The Strangest Fish in the World – Cuttlefish

 In Animals

Fascinating Cuttlefish

The world’s oceans are filled with amazingly complex creatures, perhaps none more so than the cuttlefish. In addition to being able to camouflage itself in a range of environments, the cuttlefish is able to change color spectacularly when excited, flashing rapidly from yellow to red-orange and blue-green.

It also has a complex propulsion and buoyancy system (the latter similar to that used in submarines), and a sharp ‘beak’ which allows it to cut open flesh like a pair of scissors, so it can use its tentacles to tear out meat.

Cuttlefish blood looks blue-green because it uses the pigment hemocyanin to carry oxygen, unlike our blood which uses the red pigment hemoglobin. The cuttlefish has three hearts—one for each set of gills, and one for the rest of the body. 

And why would a cuttlefish need three hearts?

Hemocyanin can’t carry as much oxygen as hemoglobin so the cuttlefish needs a faster blood flow to compensate. This looks like “a Maker’s Mark!”

Staying neutral?

The cuttlefish is a bottom-dweller which often lies in ambush for smaller animals. For this way of life, it needs to keep itself at neutral buoyancy, so that it neither sinks nor rises. At first glance, it would seem sufficient for the Creator to have endowed it with a fixed overall density, so that its own weight was exactly balanced by the upthrust of the surrounding water.

However, if the depth changes, so will the amount of ‘lift’ from the water. Therefore in order to be able to operate at varying depths and water densities, cuttlefish need to be able to adjust their overall density so as to always remain ‘neutral’ in the water. The cuttlefish does this by an ingenious mechanism. The bony shell actually has many narrow chambers. If these were all filled with gas, they would give a lift of up to 4% of the animal’s weight. However, they are only part-filled with gas—the darker areas shown are where it is part-filled with liquid. The cuttlefish is able to pump liquid in and out of that section as needed to keep the buoyancy ‘just right’.

The cuttlebone is a unique structure which provides variable buoyancy so the cuttlefish can hover in different water densities. This is done by varying the gas to liquid ratio in the cuttlebone. Making use of gas in a liquid environment “screams” complex design!

It has eight sucker-lined arms and two prehensile tentacles (which can be withdrawn into pouches under the eyes), and mainly feeds on fish, crustaceans and other mollusks. It hunts in the daylight, catching nocturnal prawns by blowing with its funnel and jetting them out of the sand. Like an octopus, the cuttlefish produces ‘ink’, in this case a brown fluid called sepia. However, it uses this defense only as a last resort, preferring to rely on its extensive camouflage capabilities both to hunt prey and avoid its own predators, such as sharks and dolphins.

The cuttlefish has a skin comprising three layers of chromatophores (color pigment cells)—a bright yellow layer near the surface, under which is an orange-red layer and finally a dark base. Transformation from one color to another, which can take less than a second, is controlled by the nervous system.
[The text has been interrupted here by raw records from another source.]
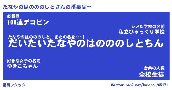 | 肩書あだ名 | 『たなやのはのののしと社長』 |
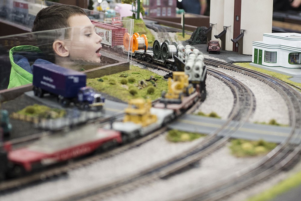 Six-year-old James Carpenter watches a model train roll down the track at the 11th annual RIT Tiger Tracks Train Show and Sale, hosted by the RIT Model Railroad Club. The event, held Dec. 10-11 in the Gordon Field House, included vendors selling new and vintage trains, accessories and layouts, door prizes and more. -
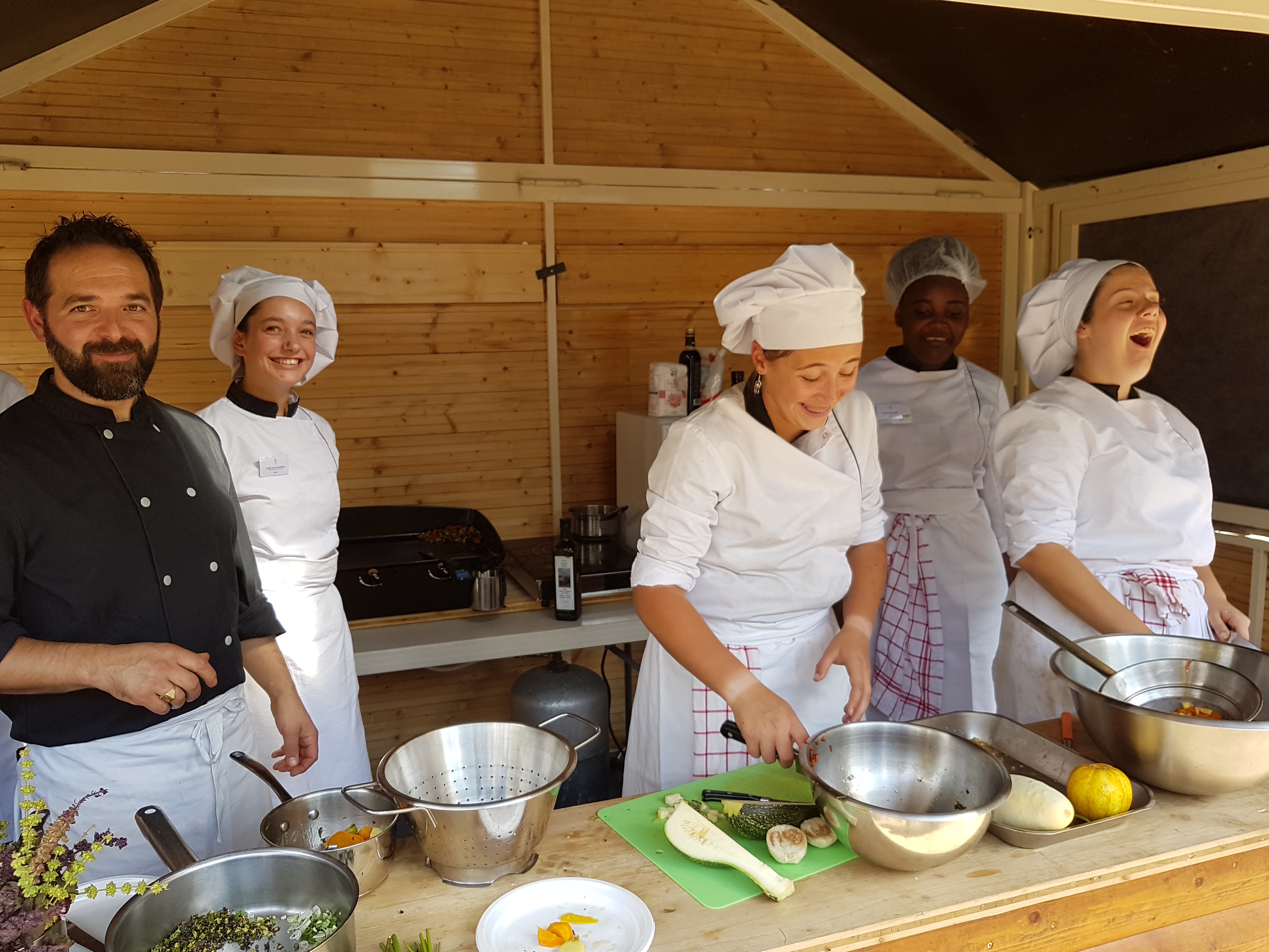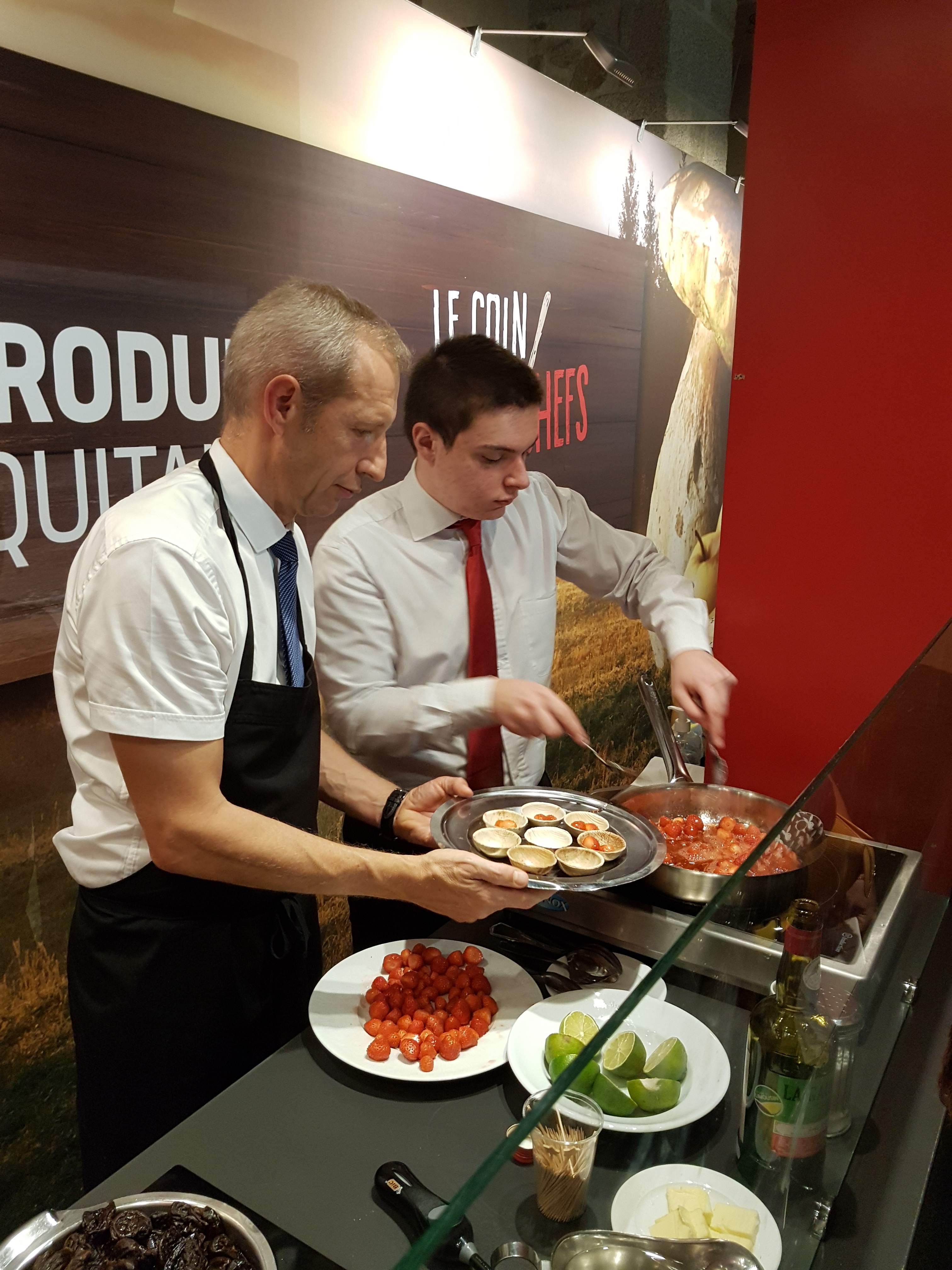 Outre des démonstrations réalisées dans la galerie des hospices ainsi que dans le potager géant mis en place devant l’hôtel de ville, nos élèves ont assisté salle Augustoritum les chefs invités dans la réalisation de recettes.
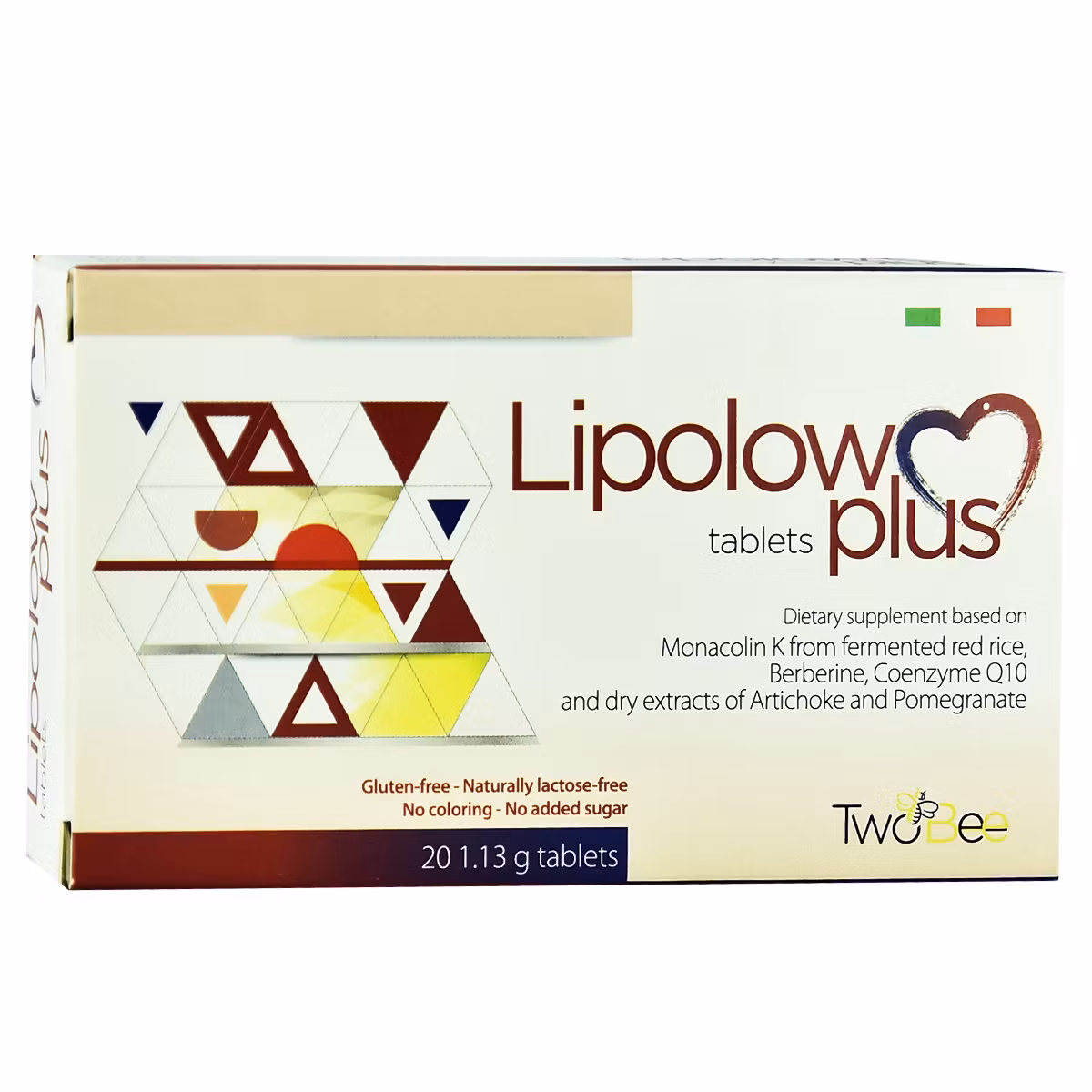 Lipolow Plus një suplement ushqimor i cili përmban Monacolin K nga orizi i kuq, Berberine, Coenzyme Q10, ekstrakt shege dhe argjinare përdoret për të kontrolluar nivelet e kolesterolit. Monakolina K kontribuon në mirëmbajtjen e niveleve normale të kolesterolit në gjak. Ky efekt arrihet duke marrë një sasi ditore deri në 10 mg të preparateve që përmbajnë Monacolin K (ekuivalente me një tabletë Lipoloë Plus). Rekomandohet për parandalim primar të dislipidemisë në pacientët me nivele të ngritura të kolesterolit.

In just a few seconds, it can run a whole gamut of colors.

The cuttlefish propels itself using a series of spurts, drawing water into a compression chamber which it squeezes to jet the water out a funnel under the head. Direction changes can be made by swivelling the nozzle of this funnel, and narrowing the funnel controls speed.

Like a submarine, the cuttlefish fills tiny compartments in its cuttlebone with gas to help maintain neutral buoyancy. This helps the cephalopod hover above the ocean floor, because although it has a sophisticated propulsion system its large cuttlebone does not allow it to be overly active, or quick in the water.

The cuttlefish also has eyes which are similar in construction to human eyes, but evolutionists do not believe it has any direct evolutionary relationship to humans (i.e. there is no possible ancestor to both cuttlefish and humans which could have had such an eye). So this similarity is explained away as ‘convergent evolution’: the eyes of the cuttlefish and other cephalopods ‘evolved independently’ to humans. In other words, it is simply an evolutionary coincidence.

However, the similarity in the design of both the cuttlefish and human eye is easily explained—they had the same Designer! The origins of the amazing features of the cuttlefish can be more easily explained if we accept it as just another miraculous example of the work of the Creator.

Random Evolution?

Like every animal phylum (a major division of life), the mollusks appear with no ancestors in the so-called Cambrian rocks. (A hypothetical archimollusc is set forth as the ancestor of all mollusks, but is not found in the fossil record.)3 The class Cephalopods appear in the fossil record in Ordovician rocks, again without evolutionary transition.

Encyclopedia Britannica says of the cephalopods, ‘Phylogenetic [evolutionary] linkages are still highly theoretical …’.The order sepioids appears in rocks no lower than the Jurassic system, again with no transitions leading to them. It is possible that all fossil and living sepioids may be the descendants of one ancestral created kind, based on the structural variation described in fossils.